As an Interior Designer, I have created various workspaces for different needs. The space you work in depends on your profession, , your company culture and how you collaborate with your colleagues, if you have. It’s also important for every workspace to be designed for comfort, productivity and creativity.

So below are some of the most common types of workspaces you might want to consider when thinking of a very modern or contemporary office for yourself. Let us take a look at them.


Collaborative spaces usually include either meeting rooms, co-working spaces, conference halls or small huddle rooms. It all depends on the size of the team and their role in the office. Ideal for startups and even Tech companies or teams that hold a lot of internal discussions. Any of these layouts would fit, depending on the size of your team.


Small Rooms/Cubicles: 

These is ideal for you who finds it extremely hard to work in crowded, noisy, collaborative spaces, prefers to be in isolation and work in peace. This can also be a good option for a small home office space if you work alone, Freelancer, etc.


Executive Office:

For that individual who’s higher on the ladder or just desires a sufficiently accommodating space.
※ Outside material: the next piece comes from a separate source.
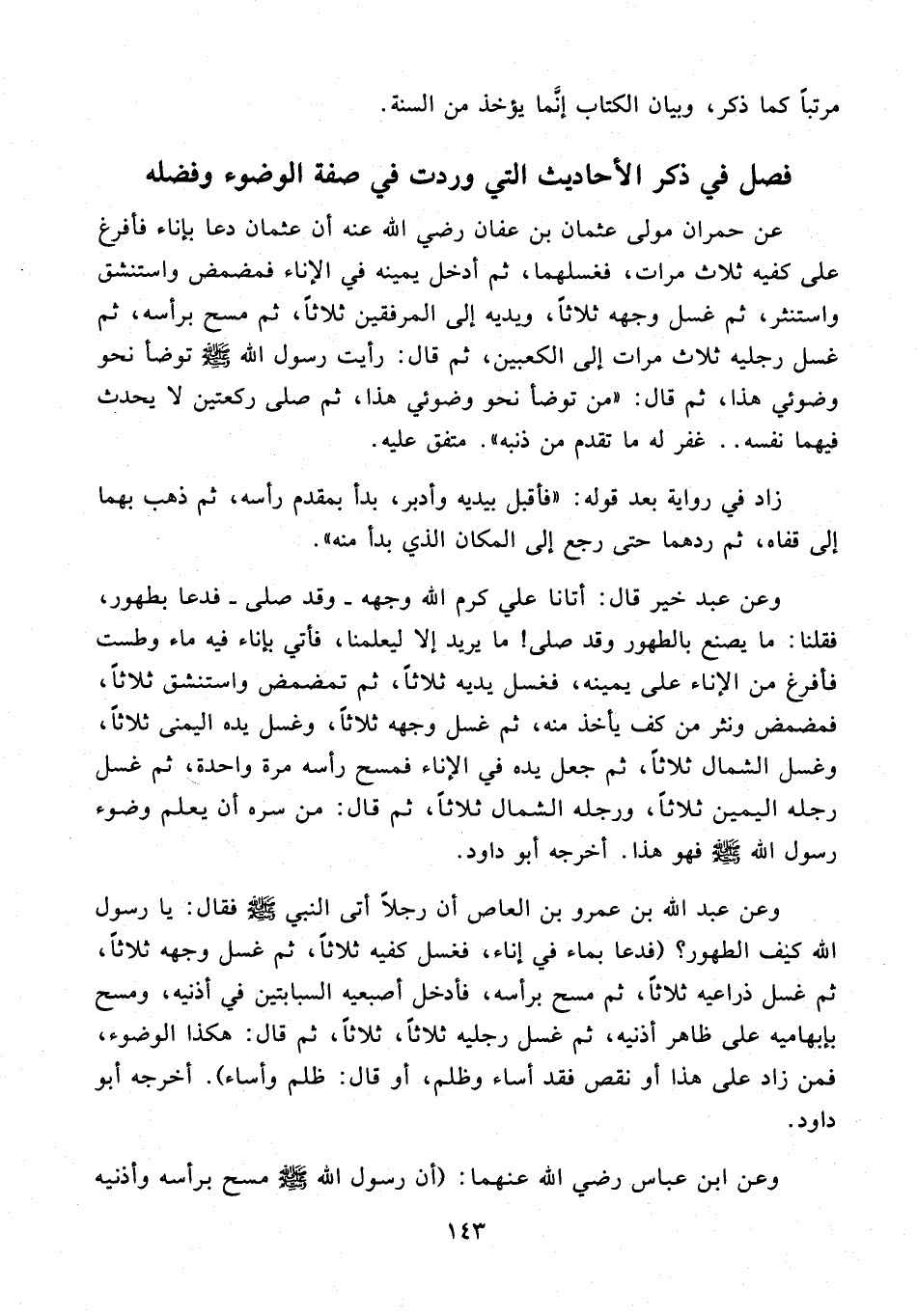 فصل في ذكر الأحاديث التي وردت في صفة الوضوء وفضله عن حمران مولى عثمان بن عفان رضي الله عنه أن عثمان دعا بإناء فأفرغ على كفيه ثلاث مرات، فغسلهما، ثم أدخل يمينه في الإناء فمضمض واستنشق واستنثر، ثم غسل وجهه ثلاثًا، ويديه إلى المرفقين ثلاثًا، ثم مسح برأسه، ثم غسل رجليه ثلاث مرات إلى الكعبين، ثم قال: رأيت رسول الله - صلى الله عليه وسلم - توضأ نحو وضوئي هذا، ثم قال: "من توضأ نحو وضوئي هذا، ثم صلى ركعتين لا يحدث فيهما نفسه .. غفر له ما تقدم من ذنبه". متفق عليه.

These people have their own reasons and roles to play in the company – high-end clients, board members and investors to entertain – therefore, the executive space has to be  upscale with enough space. The ambiance is elegant, high-end yet understated with privacy at the same time. Some even go to the extent of requesting an extra lounging or meeting area within this space. Also a good idea for a work from home boss or senior management or even a study room.


Open Plan: 

As the name indicates, the open office plan does not have walls or separators. 

 Your desks, shelves and cabinets often serve as separators between you and your colleagues. This is useful for teams and employees who share similar roles or are working towards a similar project. It reduces cost and saves space.



People who do confidential work or who have frequent one-on-one meetings with clients like entrepreneurs, legal practitioners, healthcare professionals or if you simply prefer to work in isolation. 


So obviously, most of these layouts are similarly good if you are a work from home professional whose primary workspace is what you have in your home. But before taking that path, pause and ponder over whether your profession demands frequent one on one visits and meetings with clients. Is your home ready enough to receive guests or clients every now and then? If you ardently care about privacy in your home, then perhaps a home office idea may not be your thing. Unless your line of work does not frequently entertain clients or guest meetings. But as a startup entrepreneur with very limited funding, you might also want to consider this option whiles frequently making adjustments.